English-Corpora.org

English-Corpora.org



Number of texts: displaying, limiting, and sorting

Note: click on any link on this page to see the corpus data, and then click on the "BACK" image (see left) at the top of the page to come back to this page. Or right click on the link and then "Open link in new tab" (in Chrome; similar in other browsers), and then close that tab after viewing the corpus data.

In addition to seeing the frequency of words and phrases, you can also see the number of texts in which these words and phrases occur, and sort and limit the results by the number of texts.

But why would you want to do this? Well, sometimes there are words or phrases that are limited to just a few texts in the corpus. If those texts weren’t in the corpus, the frequency of the word or phrase might be much lower, or it might not occur at all.

For example, consider these results for the search cold NOUN in the COHA corpus (the 475 million word Corpus of Historical American English). Note that the screenshots here come from the LIST view, but you can also see the number of distinct texts in the CHART view, including the number of texts by sub-genre, year, etc.

When you think of nouns that occur with cold, you might think of water, weather, shower, or bath, but probably not mountain or harbor, which are used mainly as place names in a limited number of texts.

This is often seen best in comparisons between one section of the corpus and another. For example, the following are the results for old NOUN in COHA, for the 1970s-2010s (left) and the 1840s-1890s (right). Notice that Old Hurricane only appears in two texts, and Old Sophy and Old Mirabel appear in one text each. (These are tagged as NOUN, but they probably should have been tagged as NAME: proper noun.)

And if we looked at the concordance lines for these phrases, they occur as the names of characters in just the one or two texts, as with Old Hurricane:

In other words, if the corpus didn’t have those few texts, the phrases might not occur in the corpus at all. But for phrases like old sinner (47 tokens in 35 texts) and old scenes (40 tokens in 37 texts), the phrases are spread out more through the entire corpus.


How to do it

 

It is very easy to see the number of texts. In the search form, just click on [Options] and then set [Show # texts] to [YES].

 

You can also sort the results by the number of texts in which they occur -- use [SORT] in the search interface

Perhaps more importantly, you can limit the results to just those words or phrases that occur in at least a certain number of texts. For example, if we set the minimum number of texts to [5], then the results would be the following (notice that Old Hurricane, Old Sophy, and Old Mirabel are no longer there, since they did not occur in at least five texts):

In the results (such as for words with *clean*, below), the number of texts (such as 315 for McLean) is highlighted in red when it is found in a limited number of texts. This is perhaps most useful when we have chosen to see the results by section in the search interface.

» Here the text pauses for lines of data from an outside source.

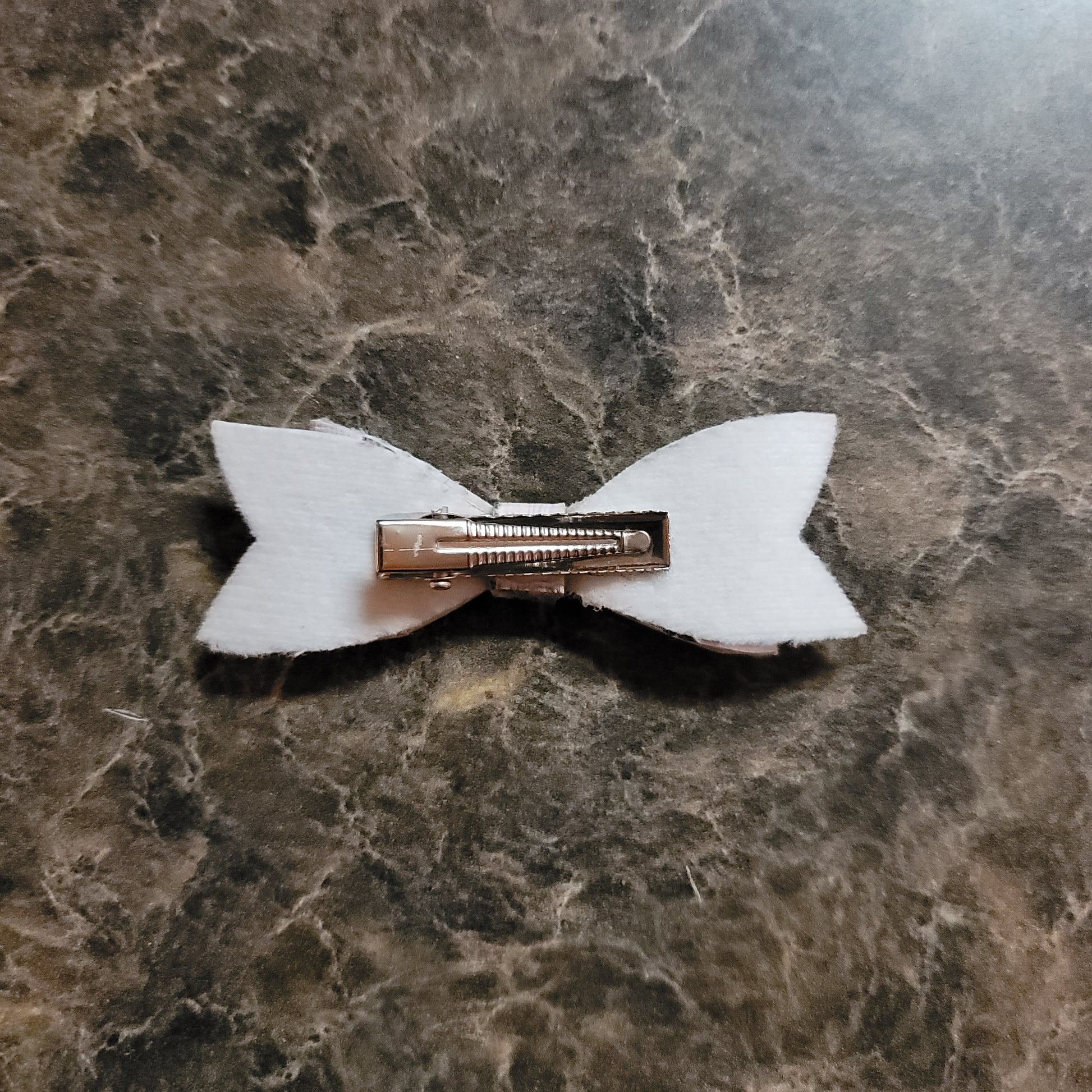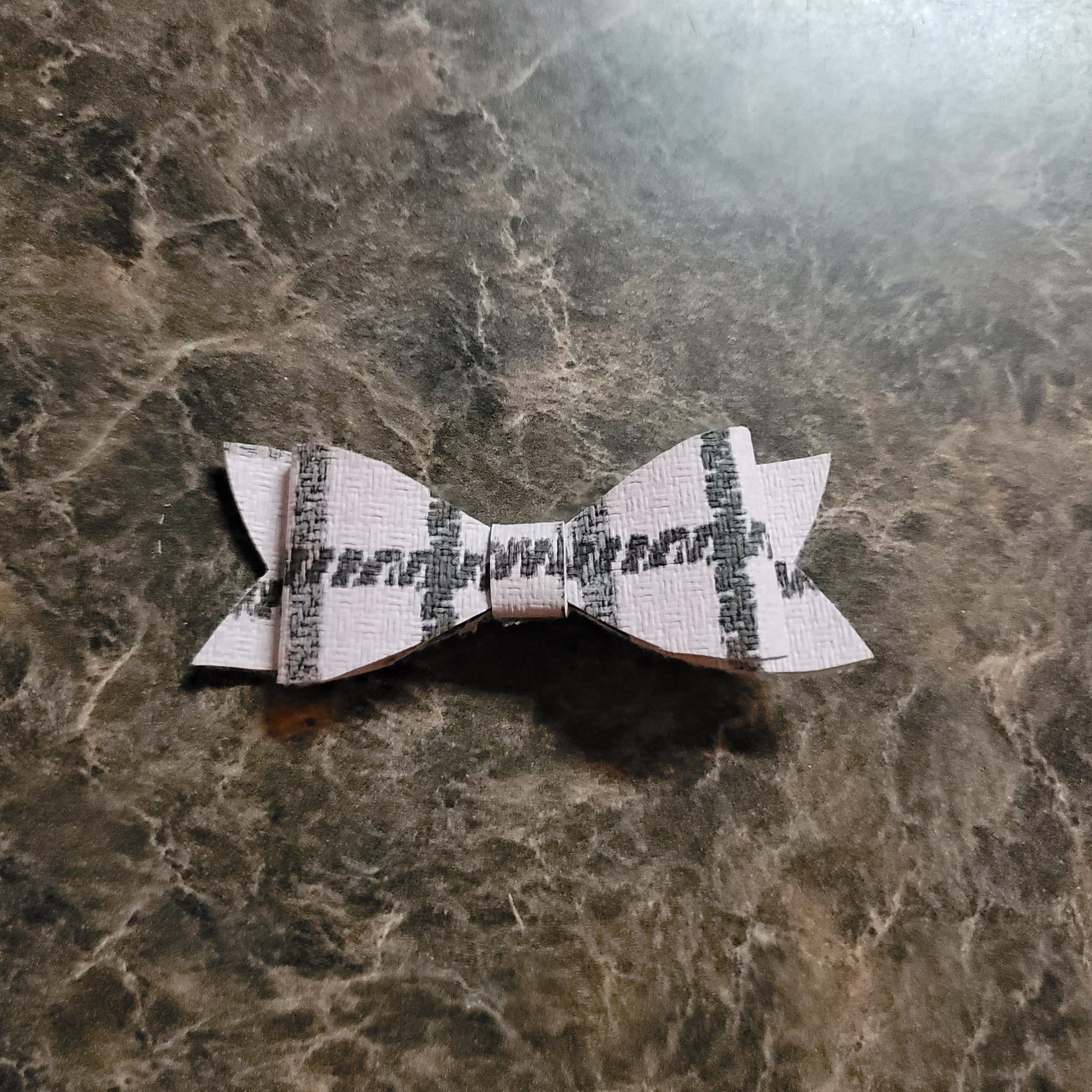 Pink and gray plaid faux leather. Small bow secured on an alligator clip.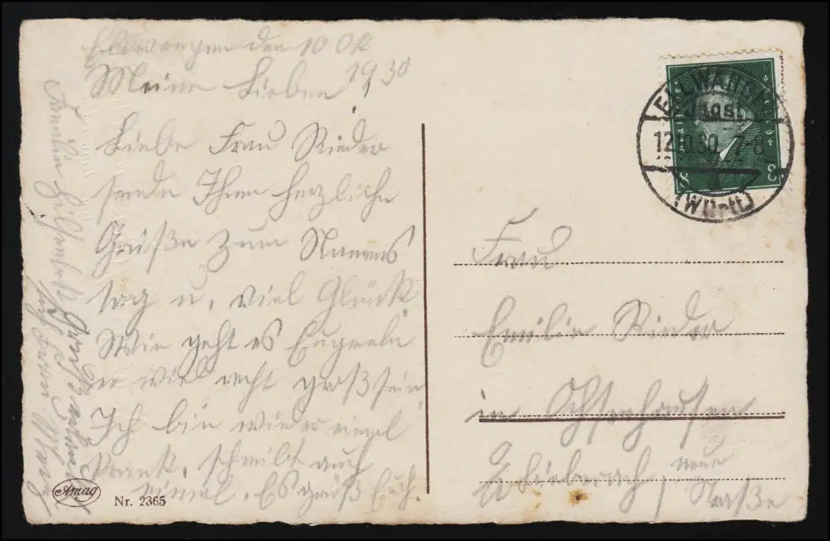 Amag AK Nr. 2365 Bunter bouquet fleurs pour la journée de nom, ELLWANGEN 12.10.1930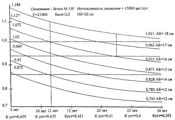 При Расчеты толщин конструктивных слоев проводят по периодам, увязанным с изменением интенсивности движения и межремонтными сроками службы покрытия. С этой целью по формуле 6 определяют периоды времени, когда интенсивность расчетной нагрузки достигнет значений, указанных в табл. 1. В течение каждого периода дорожная одежда работает с принятой надежностью. Задав толщину слоя основания и класс прочности бетона путем подбора толщины слоя асфальтобетона, строят график, показывающий изменение коэффициента прочности дорожной одежды в процессе эксплуатации. По оси абсцисс откладывают срок эксплуатации и соответствующую ему интенсивность расчетной нагрузки. По оси ординат - коэффициент прочности. Определение требуемой толщины асфальтобетонного покрытия по периодам показано на графике стрелками (диаграмма № 1). Принимая различные толщины слоев основания и различные классы бетона, можно получить набор равнопрочных конструкций и затем путем технико-экономического анализа выбрать конструкцию с минимальной стоимостью. При усилении конструкции при достижении коэффициента прочности Кпр = 0,87 слоем асфальтобетона следует учитывать износ покрытия. С учетом точности расчетов его можно принять D = 1 мм/год. Толщину слоя асфальтобетона рассчитывают из условия, чтобы к году, когда интенсивность движения расчетного автомобиля достигнет 1000 авт./сут, коэффициент прочности был равен Кпр = 0,94. Следующее усиление конструкции производят в год, когда интенсивность движения расчетного автомобиля достигнет 1000 авт./сут. Толщину слоя асфальтобетона рассчитывают из условия, чтобы к концу срока службы коэффициент прочности был Kпр = 1. Для практических расчетов разработана программа расчета на ПЭВМ, позволяющая найти оптимальную конструкцию.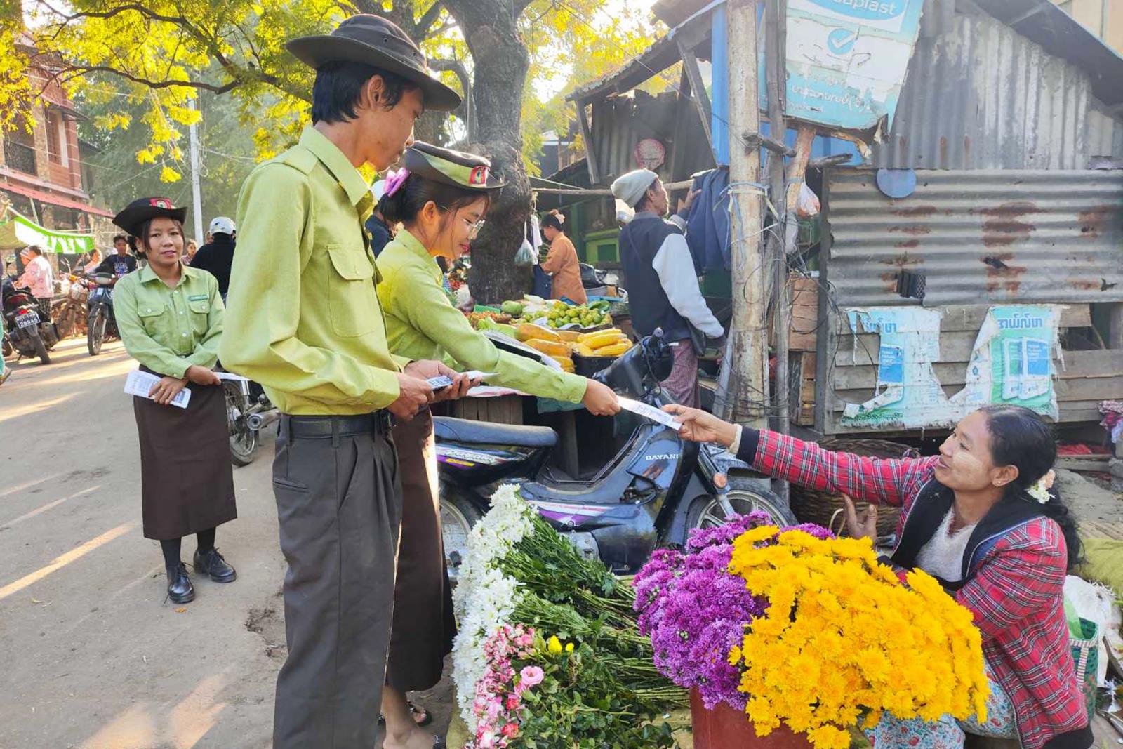 ၂၀၂၅ ခုနှစ် ပါတီစုံဒီမိုကရေစီအထွေထွေရွေးကောက်ပွဲတွင် အသက် ၁၈ နှစ်နှင့်အထက် မဲပေးပိုင်ခွင့်ရှိသည့် နိုင်ငံသားတိုင်း နိုင်ငံသားအခွင့်အရေး မဆုံးရှုံးစေရန် ဆန္ဒမဲပေးနိုင်ရေးအတွက် “ဒို့အတူမဲပေးကြမယ်” လက်ကမ်းစာစောင်များကို လမ်းသွားလမ်းလာ ဖြတ်သန်းသွားလာကြသည့် ဒေသခံပြည်သူများနှင့် ခရီးသွားပြည်သူများထံသို့ မြို့နယ်စီမံခန့်ခွဲရေးနှင့်အုပ်ချုပ်ရေးကော်မတီဥက္ကဋ္ဌ ဦးစိုးထွဋ်နှင့်အဖွဲ့ဝင်များ၊ မြို့နယ်ရွေးကောက်ပွဲကော်မရှင်အဖွဲ့ခွဲဥက္ကဋ္ဌ ဦးဇော်မင်းသန်းနှင့်အဖွဲ့ဝင်များ၊ ခရိုင် ပြန်ကြားရေးနှင့်ပြည်သူ့ဆက်ဆံရေးဦးစီးဌာန ဦးစီးအရာရှိ ဦးထိန်လင်းနှင့်ဝန်ထမ်းများ၊ ရပ်ကွက်စာရေးဝန်ထမ်းများက ဖြန့်ဝေပေးခဲ့ပြီး အဆိုပါလက်ကမ်းစာစောင် အစောင်ရေ ၃၀၀၀ စောင်ကို ဖြန့်ဝေပေးခဲ့ကြောင်း သိရသည်။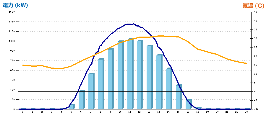 | 時刻 | 日射強度 (kW/㎡) | 気温 (℃) | 発電電力量 (kWh) | CO2削減量 (kg-CO2) | 売電金額(概算) (円) |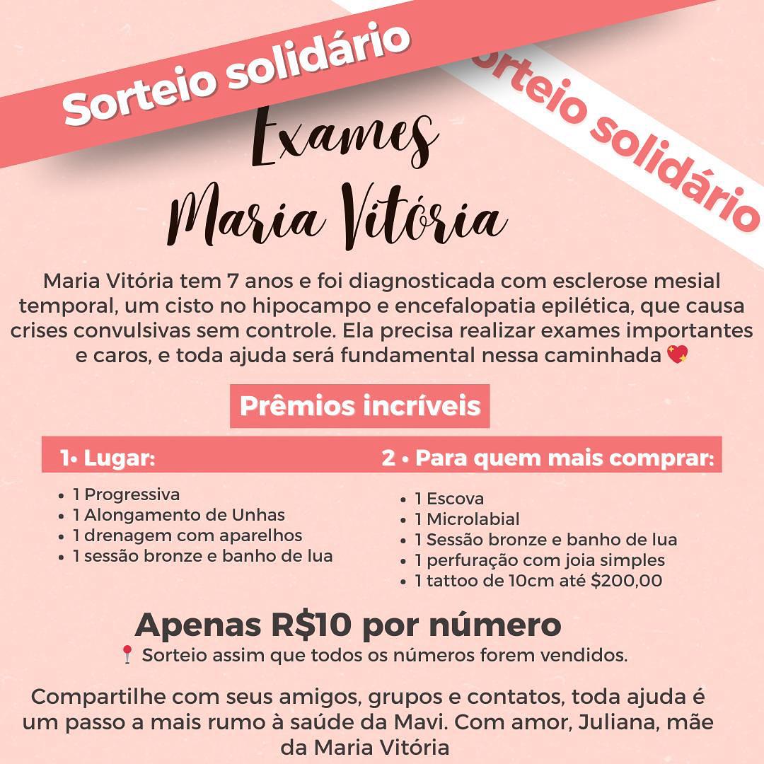 “Estou fazendo uma rifa, para conseguir arrecadar dinheiro, porque esses exames que ela precisa fazer são bem específicos. Preciso fazer o mais rápido possível para descobrir o que é e cuidar exatamente do que ela tem. Ela está tomando quatro medicações e mesmo assim, ainda está convulsionando durante a noite”.
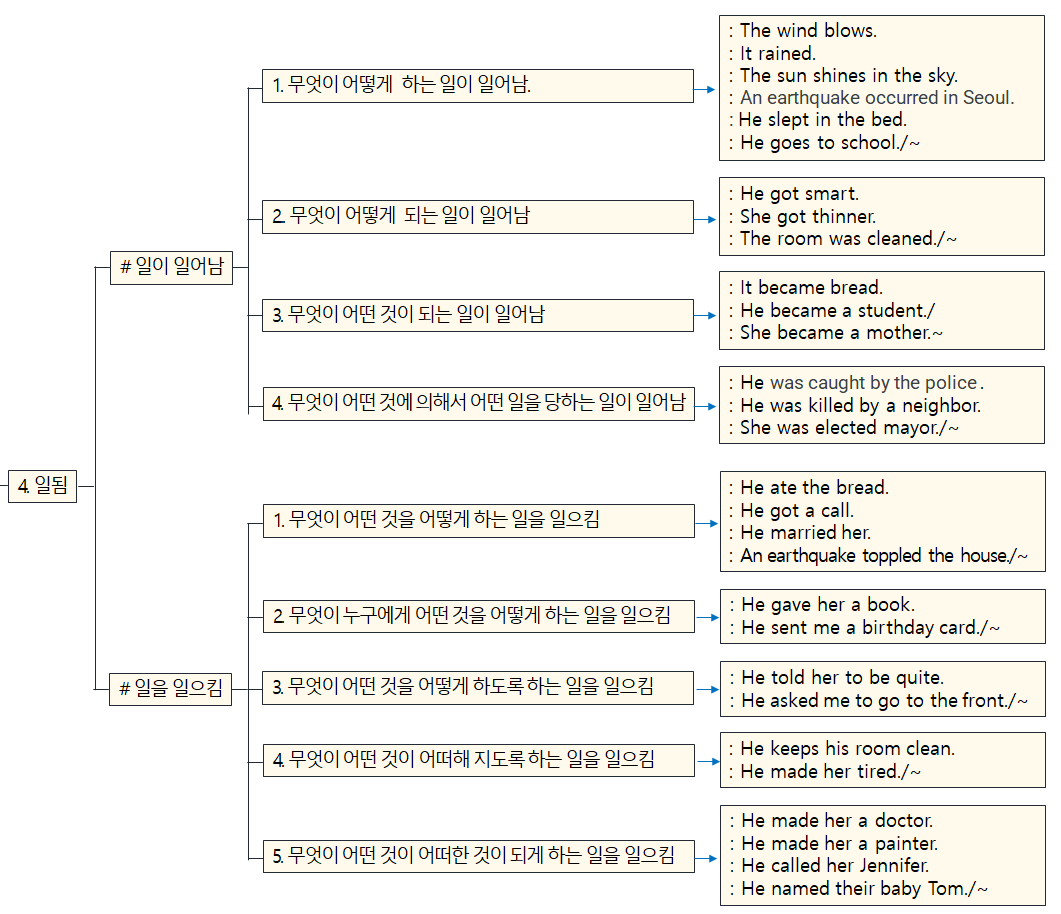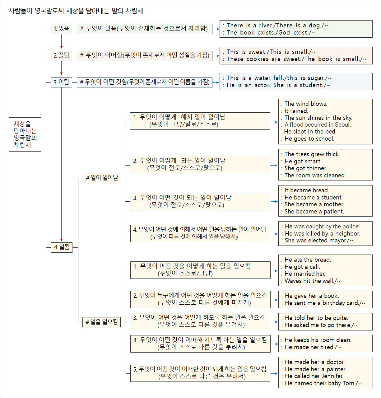도식을 <사람들이 한국말로써 세상을 담아내는 방식>과 비교해 보면 '됨이' 부분이 빠져 있습니다. '있음'부터 시작하는 것과 이 현상을 묶어서 영국말에는 '온이 나'만 있고 '쪽인 나' 사고법이 빠져 있다고 추측할 수 있습니다. 이에 관해 최봉영 선생님께 통화로 여쭤 보았는데, 선생님은 성경의 창세기에 무에서 무언가 탄생하는 식의 표현이 영국말에 담긴 '온인 나' 사고의 전형으로 설명하셨습니다.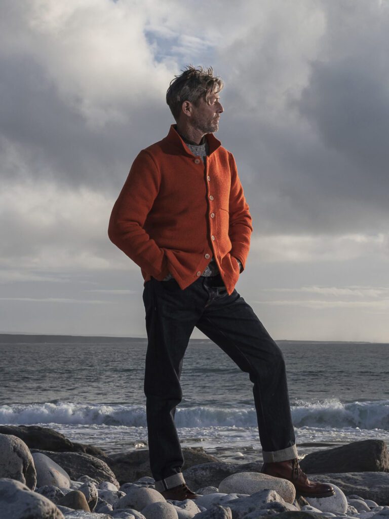Available in Navy Mix, a dark navy combined with a sporty grey marl creating distinctive colour interest, and a longtime best-seller colour way of vibrant Orange. Designed, made and hand-finished in our Aran Islands workshop.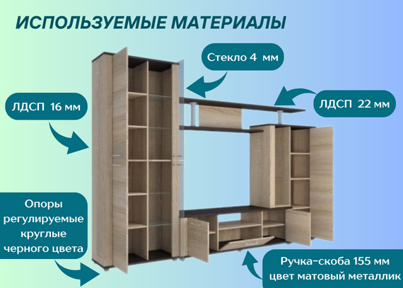 Но так же отличительная черта Соло 10А - дизайн. Сочетание светлого оттенка молочного дуба, и контрастности венге позволяет выигрышно смотреться во многих архитектурных стилях. Вставки из стекла встроенные в гостиную, а именно дверцы и полки, делают гостиную более невесомой и светлой, что позволит сделать комнату визуально больше.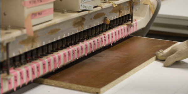 加工後 ダボ穴からダボ穴の寸法が全て32の倍数になっていて、全てのパーツをこのピッチで取り付けることができます。モジュールを統一することによって、家具の設計を合理化。工作機械を単純化し、製作期間を短くすることで低価格を実現しました。さらにシステム化することで、金物やパーツも既製品が使えて、取り換えや修理が簡単にできます。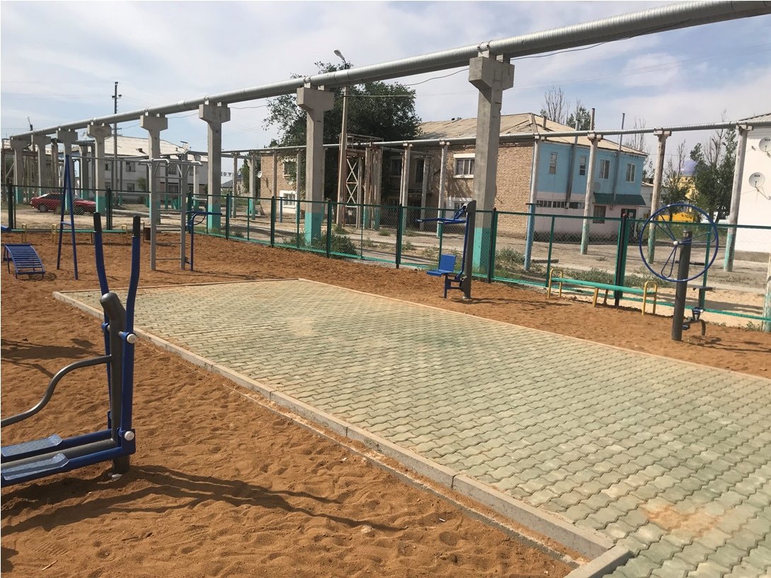 Шағын аумақтағы алаңда салауатты өмір салтын сақтап, бұқаралық спорт түрлерімен айналысатын 9 тренажерлық жаттығу құралы бар. Бұл жерде тұрғындар әр күн сайын таңертең және кешкілік уақыттарда өз беттерінше немесе спорт жаттықтырушыларының қадағалауымен түрлі жаттығу жұмыстарын жүргізе алады.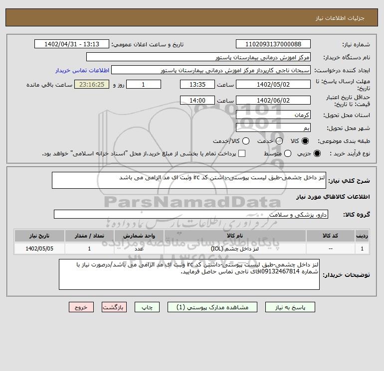 | 1 | -- | لنز داخل چشم (IOL) | عدد | 1 | 1402/05/05 |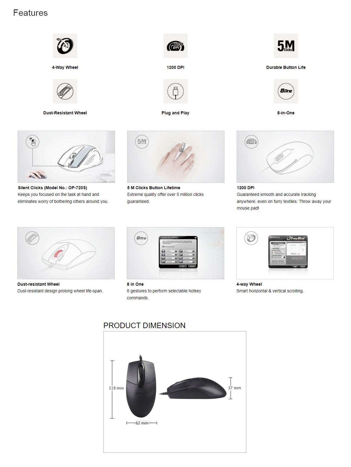 Dust-Resistant Wheel 4-Way Smart Wheel 8-in-One Software Symmetric Design Sensor: Optical Resolution: 1200 DPI Report Rate : 125 Hz Buttons No.: 3 Size: 119 x 62 x 37 mm Weight : 84.7g Color: Black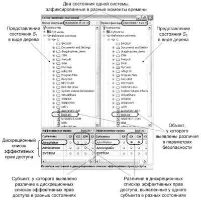 затем извлекают из сохраненных файлов состояний и производят сопоставление дискреционных списков эффективных прав доступа каталогов и файлов, присутствующих в обоих состояниях; при этом в каждом состоянии для каждого каталога или файла отмечают права, которые отсутствуют в таком дискреционном списке эффективных прав доступа этого каталога или файла в другом состоянии.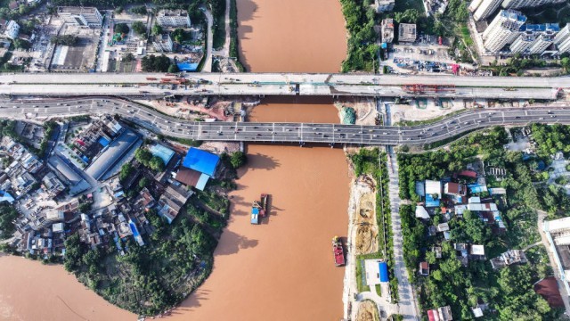 施工队在广西钦州市拆旧桥建新桥,疏浚平陆运河流经钦州市区的航道(2024年5月12日摄,无人机照片)。平陆运河建成后将成为广西及西南地区通往东盟地区运距最短、最便捷的水运出海通道。

Notice that the 33 tokens of MacLean occur in only two texts in the 1860s and only four texts for the 138 tokens in the 1900s. This is pretty good evidence that this is the name of someone who is the focus of discussion in these handful of texts, rather than a word that is spread better throughout the section (such as cleansed or clean-cut).


Concordance display

You can also see information on the number of texts as part of the concordance display (also known as the Keyword in Context display, or KWIC), even if you haven’t chosen to see this in the frequency display. For example:

Finally, you can click on SHOW TEXT ID, which will indicate which entries are from the same text as the previous line (and which are highlighted in red):

All of these features will make it easier for you to see which words and phrases are limited to just a few texts, and which ones are spread more evenly throughout the entire corpus.